Brief: Reproduce exactly only the lines from the line that holds "Президент России Владимир" to the line that holds "Athlon XP 2000+ (1.67GHz) リテールパッケージの価格推移", inclusive, in the listing below, and please leave out every picture.

Supplied entries:

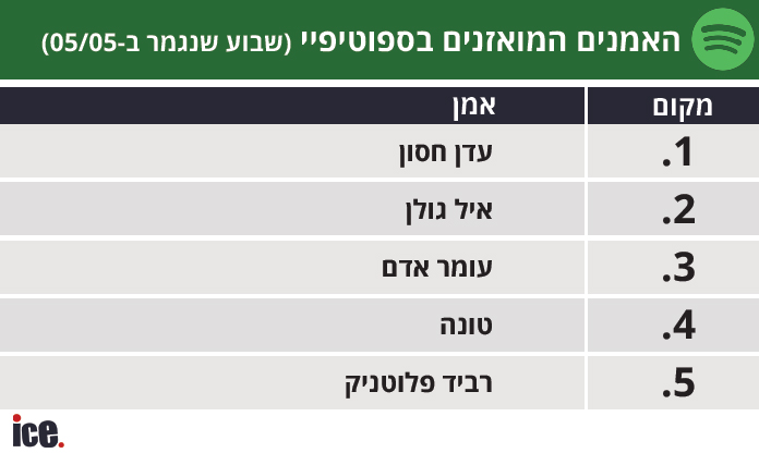 עדן חסון מצליח השבוע לרשום הישג נוסף ולהפוך לזמר המואזן בישראל לפי אפליקציית המוזיקה הגדולה בעולם, ספוטיפיי; חסון מדיח את איל גולן למקום השני; במקום השלישי דורך עומר אדם; ברביעי נשאר טונה; ובחמישי עדיין נמצא רביד פלוטניק.
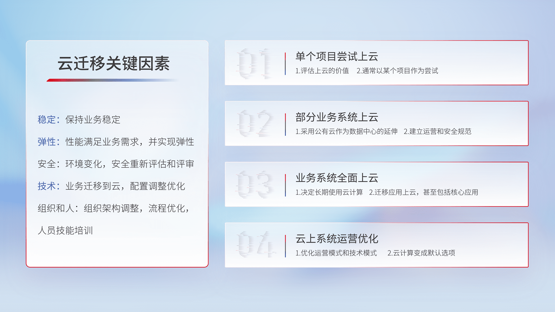 结合实际业务,,,,从规划设计、、云平台选型、、云原生改造、、、数据迁移、、、集成交付,,,,迁移全过程为客户识别最佳上云路径,,,,做好风险识别管理,,设计网络架构、、、、身份权限、、安全审计合规、、操作审计、、日志审计、、、、监控告警策略、、多站点容灾设计等,,,,对云上基础设施进行整体规划,,提升IT治理水平,,,以满足弹性、、、高可用、、高性能的需求。。
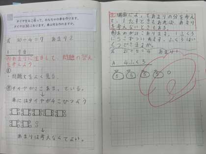 算数科「あまりのあるわり算」の学習をしました。問題場面によってあまりの処理のしかたが変わることを学びました。
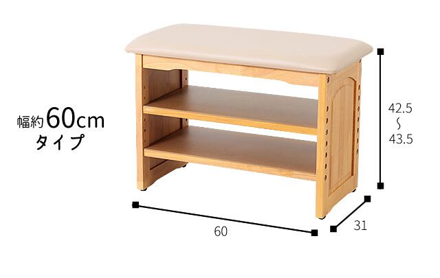 木製収納付き玄関ベンチ 45cm幅(ガタ付き防止付き)
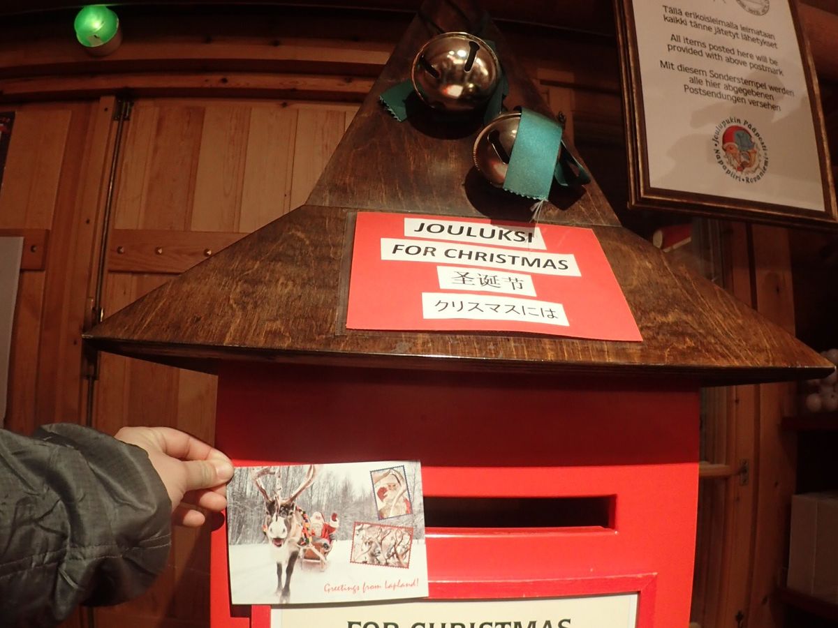 サンタクロース村の郵便局では、通常のポストと、クリスマスに届くポストの2つがあり、間違えないように投函してくださいね!ワタシは間違えてスタッフにお願いして開けてもらって投函し直しました(笑)
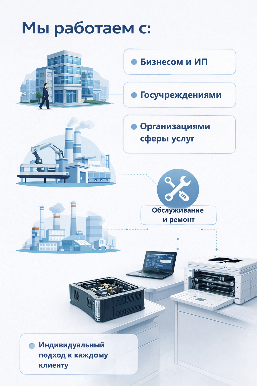В рамках сотрудничества мы берем на себя полный цикл работ: диагностику, ремонт, профилактическое обслуживание и контроль состояния оборудования. Возможна работа с партиями устройств — от офисной техники до специализированного оборудования. За каждым клиентом закрепляется персональный менеджер, который координирует все этапы и оперативно решает возникающие задачи.
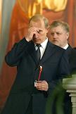 Президент России Владимир Путин (слева), председатель Совета Федерации Сергей Миронов (в центре) и мэр Москвы Юрий Лужков (справа) во время праздничного богослужения в пасхальную ночь в храме Христа Спасителя, которое возглавил патриарх Московский и всея Руси Алексий II.
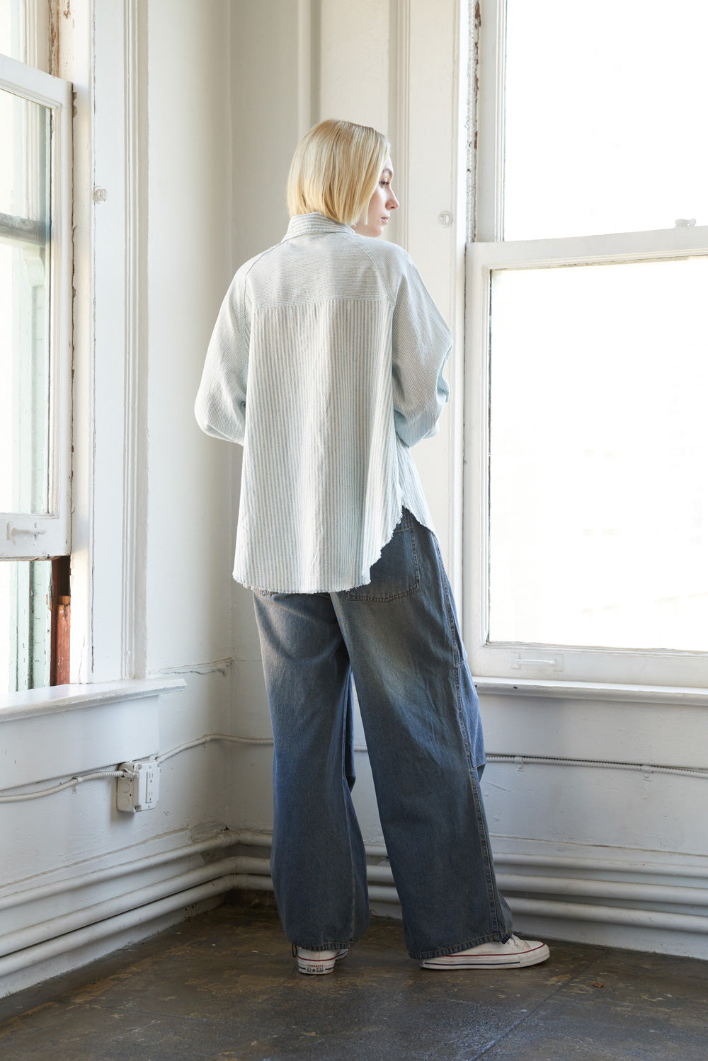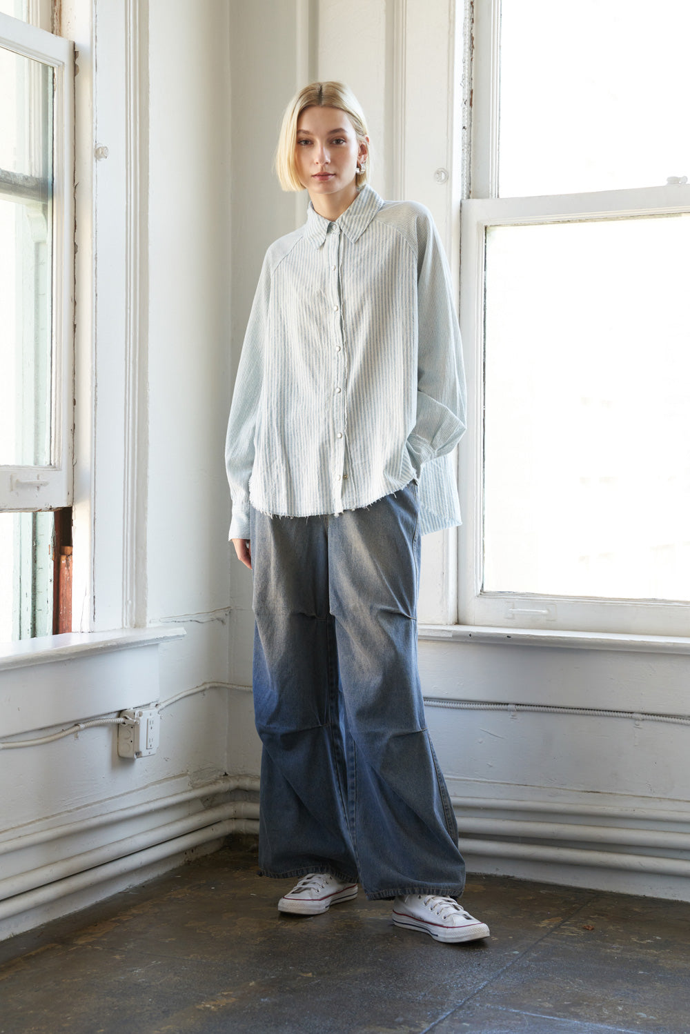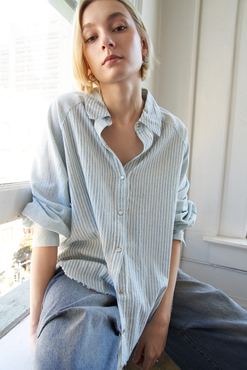 An oversized top featuring shirt collar, button down and long sleeve
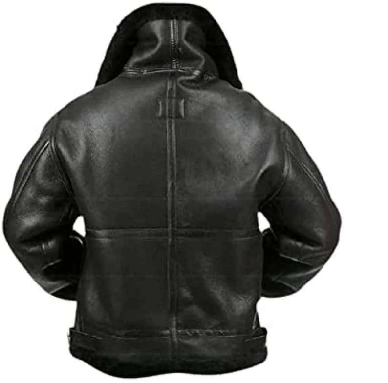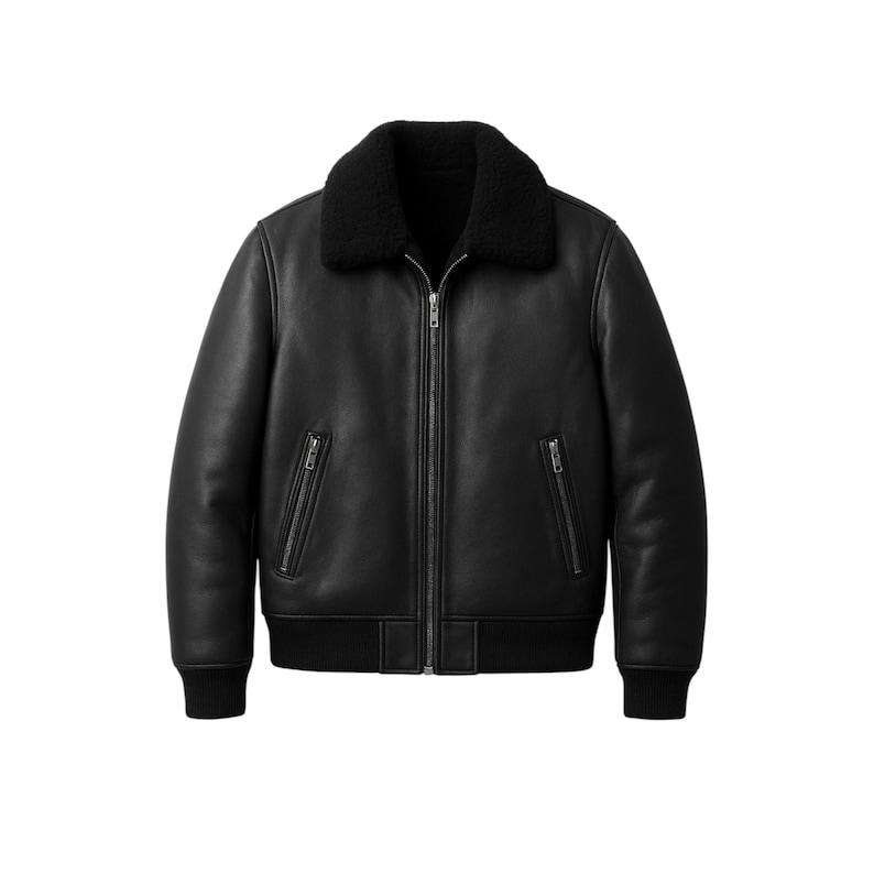 Handmade Sheepskin Leather Bomber Jacket with Artificial Fur Lining – Men’s Black Winter Coat
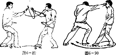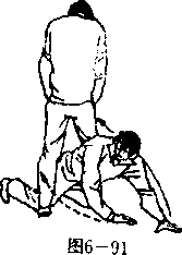 或后背向后靠顶敌之臀部(图6—92) o敌被靠顶必俯身而 倒。
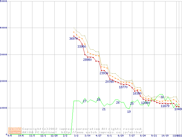 Athlon XP 2000+ (1.67GHz) リテールパッケージの価格推移
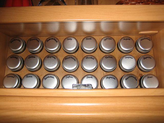 Ja es sind Gewürze und Kräuter welche in ausreichender Auswahl und dafür vorgesehen Aufbewahrungsdosen noch nicht vorhanden waren. Es waren schon Gewürze und Kräuter vorhanden aber nicht übersichtlich an einen Ort da zu wenig Platz und Gefäße vorhanden waren, diesen Zustand wollte ich ändern was aber für das erste nicht so einfach durchführbar war. Da war erstens die Auswahl der Gefäße, sie sollten ja leicht sein und da schied Glas obwohl es da eine größere Auswahl davon gab von Anfang an einmal aus, es kamen nur leichte aus Weißblech und nicht allzu große Dosen in Frage um möglichst viele unterzubringen, nach einigen suchen im Internet bin ich doch noch fündig geworden, so jetzt war dann noch der richtige Platz im WoMo festzulegen wo ich diese Dosen welche ja alle zusammen und nicht wieder getrennt von einander ihren Platz finden sollten und leicht erreichbar vom Herd sein sollten. Diese Aufgabenstellung war nicht so einfach weil ich die Dosen nicht irgendwie im Küchenbereich sichtbar hinstellen wollte, oder ein Regal irgendwo montieren nein das wollte ich nicht, nach einigen Überlegungen und umschlichten der einzelnen Oberschränke habe ich doch noch eine Lösung gefunden welche für mich die beste war, und ich mußte nur noch Maria den Vorschlag unterbreiten, und davon überzeugen das dies die beste Lösung sein würde, wie so oft waren wir uns einig das der Platz wie dafür geschaffen war.
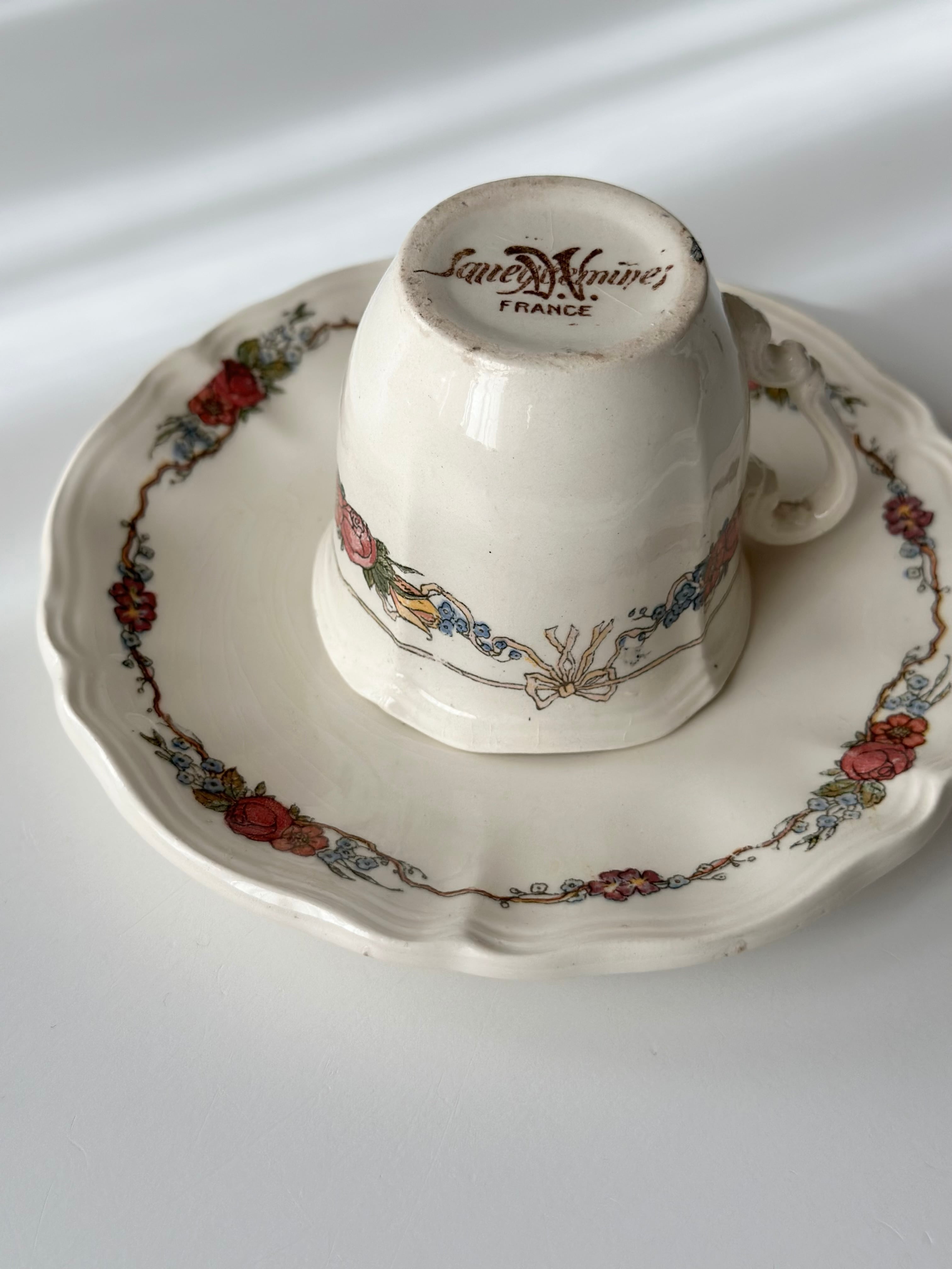 Sarreguemines サルグミンヌ / “OBERNAI” リボンとお花のデミタスカップ&ソーサー
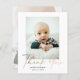 Budget Minimum Script Photo Bébé Carte de remerciements. Le dos comprend un message de la famille et une 2ème photo. Cliquez sur le bouton Modifier pour customiser cette conception avec vos photos et détails.
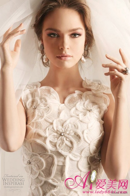 可爱的花朵装饰,淑女风格尽显的婚纱设计。

Written answer:
 Президент России Владимир Путин (слева), председатель Совета Федерации Сергей Миронов (в центре) и мэр Москвы Юрий Лужков (справа) во время праздничного богослужения в пасхальную ночь в храме Христа Спасителя, которое возглавил патриарх Московский и всея Руси Алексий II.
 An oversized top featuring shirt collar, button down and long sleeve
 Handmade Sheepskin Leather Bomber Jacket with Artificial Fur Lining – Men’s Black Winter Coat
 或后背向后靠顶敌之臀部(图6—92) o敌被靠顶必俯身而 倒。
 Athlon XP 2000+ (1.67GHz) リテールパッケージの価格推移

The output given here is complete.